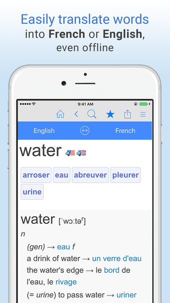 Les utilisateurs peuvent facilement basculer entre les directions de traduction d'un simple toucher et utiliser la recherche vocale pour des recherches rapides de mots. L'application propose des traductions hors ligne sans nécessiter de téléchargements supplémentaires et offre des fonctionnalités telles que des prononciations audio, la sauvegarde de signets et des options de recherche avancées. Avec une interface conviviale et aucune limitation d'essai, le Dictionnaire anglais-français est un outil précieux pour les apprenants en langues et les voyageurs.
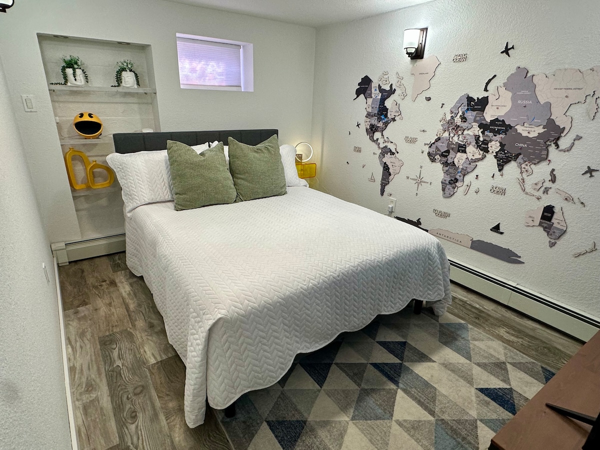 Private Attic room with private bathroom and private entry on the third floor of our home. Comes with a reclinable queen sized bed, smart TV w/free Wi-Fi, mini fridge, a dining table for 2. Lots of steps up to get to your unit. If you have heavy luggage ask me for help. Perfect for solo travelers who just need a comfortable bed and a clean space. Active family lives on the second floor who sleeps early. Quiet hours 10pm to 7am are extremely important for us. No visits allowed.
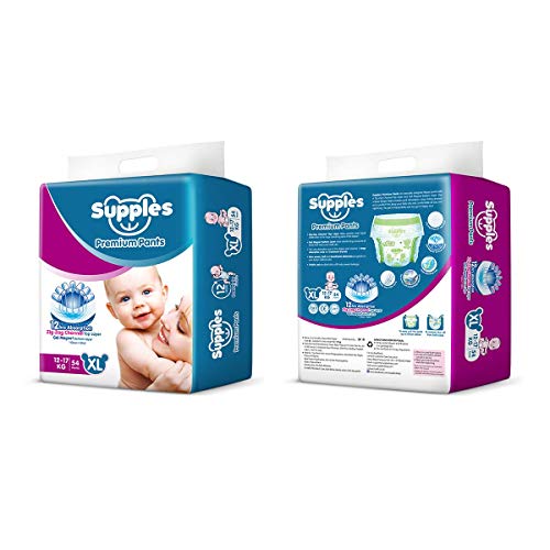 Supples Baby Pants Diapers X-Large 54 CountThese diaper pants keep your baby comfortable in the day as well as in night. Their cottony soft material is gentle on your baby skin keeping their precious skin perfect.Supples Baby Diaper Pants Monthly Mega-Box X-Large 108 CountThese diaper pants keep your baby comfortable in the day as well as in night. Their cottony soft material is gentle on your baby skin keeping their precious skin perfect.

▶ [PROBLEM STATEMENT] Restate every line above word for word. Do not carry over the images.

▶ [SOLUTION BELOW]
 Les utilisateurs peuvent facilement basculer entre les directions de traduction d'un simple toucher et utiliser la recherche vocale pour des recherches rapides de mots. L'application propose des traductions hors ligne sans nécessiter de téléchargements supplémentaires et offre des fonctionnalités telles que des prononciations audio, la sauvegarde de signets et des options de recherche avancées. Avec une interface conviviale et aucune limitation d'essai, le Dictionnaire anglais-français est un outil précieux pour les apprenants en langues et les voyageurs.
 Private Attic room with private bathroom and private entry on the third floor of our home. Comes with a reclinable queen sized bed, smart TV w/free Wi-Fi, mini fridge, a dining table for 2. Lots of steps up to get to your unit. If you have heavy luggage ask me for help. Perfect for solo travelers who just need a comfortable bed and a clean space. Active family lives on the second floor who sleeps early. Quiet hours 10pm to 7am are extremely important for us. No visits allowed.
 Supples Baby Pants Diapers X-Large 54 CountThese diaper pants keep your baby comfortable in the day as well as in night. Their cottony soft material is gentle on your baby skin keeping their precious skin perfect.Supples Baby Diaper Pants Monthly Mega-Box X-Large 108 CountThese diaper pants keep your baby comfortable in the day as well as in night. Their cottony soft material is gentle on your baby skin keeping their precious skin perfect.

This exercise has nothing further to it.